HOW TO COMPLETE THIS TASK. Beginning with the line containing "Хомут с резиновой", transcribe every line exactly down to the last one in the records below, and drop the pictures.

(Records excerpted from a collection)
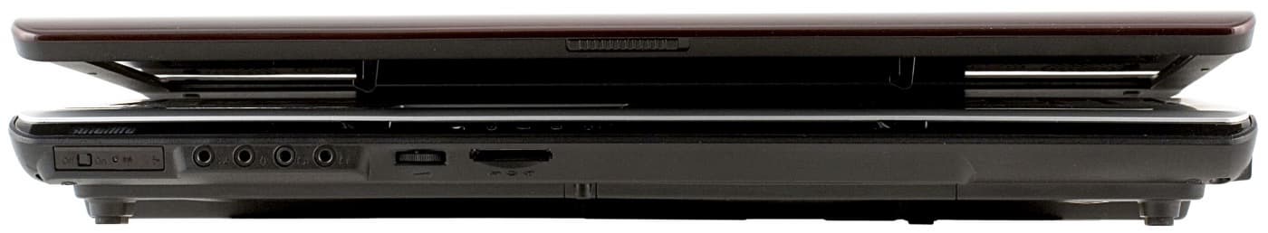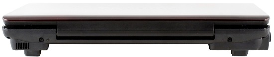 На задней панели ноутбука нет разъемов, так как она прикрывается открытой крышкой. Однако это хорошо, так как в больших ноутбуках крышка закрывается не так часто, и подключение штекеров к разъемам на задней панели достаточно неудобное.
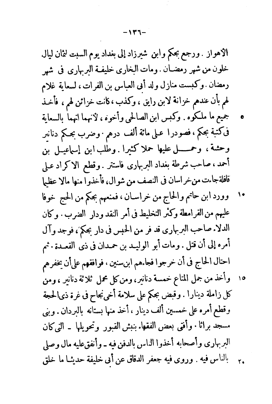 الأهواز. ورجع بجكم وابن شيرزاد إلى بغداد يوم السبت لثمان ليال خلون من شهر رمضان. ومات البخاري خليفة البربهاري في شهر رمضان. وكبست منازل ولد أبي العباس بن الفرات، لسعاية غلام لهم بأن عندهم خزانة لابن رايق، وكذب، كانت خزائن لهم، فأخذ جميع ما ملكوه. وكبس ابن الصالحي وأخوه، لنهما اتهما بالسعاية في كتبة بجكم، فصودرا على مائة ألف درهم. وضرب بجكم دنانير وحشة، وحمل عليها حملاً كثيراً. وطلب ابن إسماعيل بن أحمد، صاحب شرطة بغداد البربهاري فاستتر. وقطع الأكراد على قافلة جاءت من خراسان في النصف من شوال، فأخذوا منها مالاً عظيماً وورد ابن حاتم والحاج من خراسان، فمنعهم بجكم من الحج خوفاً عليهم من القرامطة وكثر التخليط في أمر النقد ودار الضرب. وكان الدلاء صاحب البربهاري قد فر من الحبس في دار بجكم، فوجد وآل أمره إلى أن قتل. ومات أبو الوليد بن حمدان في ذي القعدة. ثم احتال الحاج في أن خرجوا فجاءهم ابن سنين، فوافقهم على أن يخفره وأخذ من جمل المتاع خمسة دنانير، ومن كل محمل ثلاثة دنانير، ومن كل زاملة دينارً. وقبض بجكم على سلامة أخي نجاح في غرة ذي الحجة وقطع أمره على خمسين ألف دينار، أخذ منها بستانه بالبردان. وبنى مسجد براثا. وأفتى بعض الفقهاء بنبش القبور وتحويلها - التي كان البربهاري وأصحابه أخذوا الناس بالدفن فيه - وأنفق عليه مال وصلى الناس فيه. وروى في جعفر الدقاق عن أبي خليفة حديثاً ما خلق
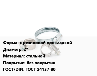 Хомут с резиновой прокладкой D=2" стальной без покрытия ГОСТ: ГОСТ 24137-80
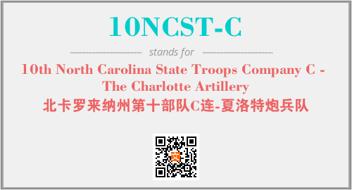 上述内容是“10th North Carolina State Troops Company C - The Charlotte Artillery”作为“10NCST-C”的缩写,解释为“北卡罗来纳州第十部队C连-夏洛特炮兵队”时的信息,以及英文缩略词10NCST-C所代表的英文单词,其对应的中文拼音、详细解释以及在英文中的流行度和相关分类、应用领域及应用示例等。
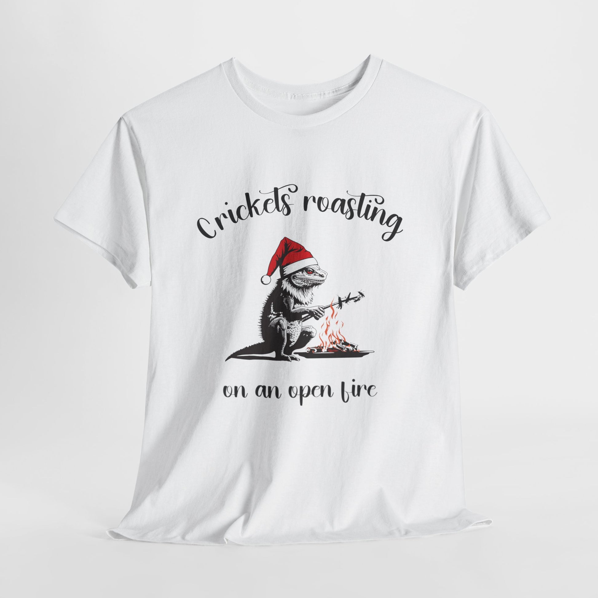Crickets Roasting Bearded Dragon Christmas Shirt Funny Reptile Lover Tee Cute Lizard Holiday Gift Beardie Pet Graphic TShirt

RESULT.
 Хомут с резиновой прокладкой D=2" стальной без покрытия ГОСТ: ГОСТ 24137-80
 上述内容是“10th North Carolina State Troops Company C - The Charlotte Artillery”作为“10NCST-C”的缩写,解释为“北卡罗来纳州第十部队C连-夏洛特炮兵队”时的信息,以及英文缩略词10NCST-C所代表的英文单词,其对应的中文拼音、详细解释以及在英文中的流行度和相关分类、应用领域及应用示例等。
Crickets Roasting Bearded Dragon Christmas Shirt Funny Reptile Lover Tee Cute Lizard Holiday Gift Beardie Pet Graphic TShirt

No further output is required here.